_PROBLEM TO SOLVE_.
Shown below are entries with pictures; the line with "Figura 1. Características" through the line with "मोदी के समर्थक" is the span to retype exactly, and the pictures stay out.

_DATA EXTRACT_.
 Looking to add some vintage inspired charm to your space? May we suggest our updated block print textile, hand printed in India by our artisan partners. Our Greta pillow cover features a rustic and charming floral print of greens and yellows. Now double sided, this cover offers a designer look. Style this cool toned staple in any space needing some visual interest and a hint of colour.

...

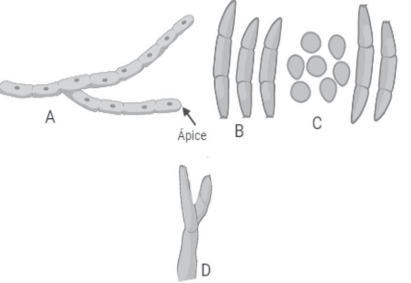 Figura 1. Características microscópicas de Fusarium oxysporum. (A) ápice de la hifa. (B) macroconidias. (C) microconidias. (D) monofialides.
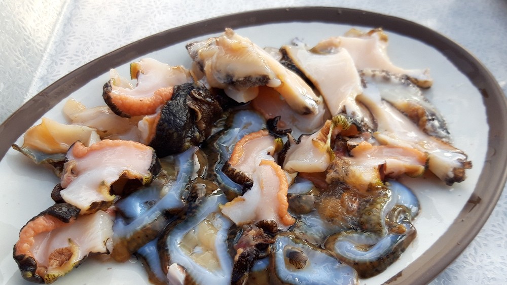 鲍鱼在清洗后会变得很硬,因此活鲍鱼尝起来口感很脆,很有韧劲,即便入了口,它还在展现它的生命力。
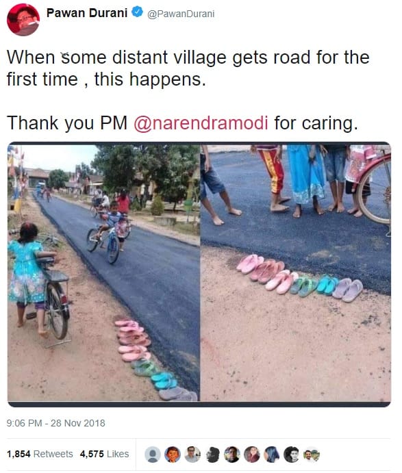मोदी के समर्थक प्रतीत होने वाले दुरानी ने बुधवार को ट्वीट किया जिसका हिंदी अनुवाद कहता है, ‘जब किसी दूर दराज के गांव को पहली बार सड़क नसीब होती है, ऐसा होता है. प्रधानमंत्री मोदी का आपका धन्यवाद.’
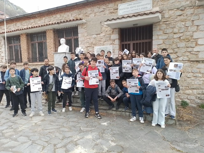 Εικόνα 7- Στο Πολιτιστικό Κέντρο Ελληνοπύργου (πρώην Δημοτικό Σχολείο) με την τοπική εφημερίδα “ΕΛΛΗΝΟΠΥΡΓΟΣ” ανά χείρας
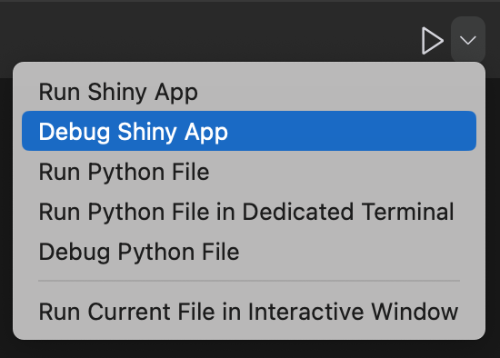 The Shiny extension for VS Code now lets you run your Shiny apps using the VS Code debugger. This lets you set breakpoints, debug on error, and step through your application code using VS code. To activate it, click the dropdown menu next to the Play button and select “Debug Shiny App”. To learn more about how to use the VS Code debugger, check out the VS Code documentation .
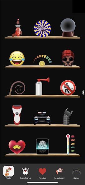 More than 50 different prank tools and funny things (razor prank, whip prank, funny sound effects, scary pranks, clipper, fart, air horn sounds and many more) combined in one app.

_YOUR RESPONSE_.
 Figura 1. Características microscópicas de Fusarium oxysporum. (A) ápice de la hifa. (B) macroconidias. (C) microconidias. (D) monofialides.
 鲍鱼在清洗后会变得很硬,因此活鲍鱼尝起来口感很脆,很有韧劲,即便入了口,它还在展现它的生命力。
मोदी के समर्थक प्रतीत होने वाले दुरानी ने बुधवार को ट्वीट किया जिसका हिंदी अनुवाद कहता है, ‘जब किसी दूर दराज के गांव को पहली बार सड़क नसीब होती है, ऐसा होता है. प्रधानमंत्री मोदी का आपका धन्यवाद.’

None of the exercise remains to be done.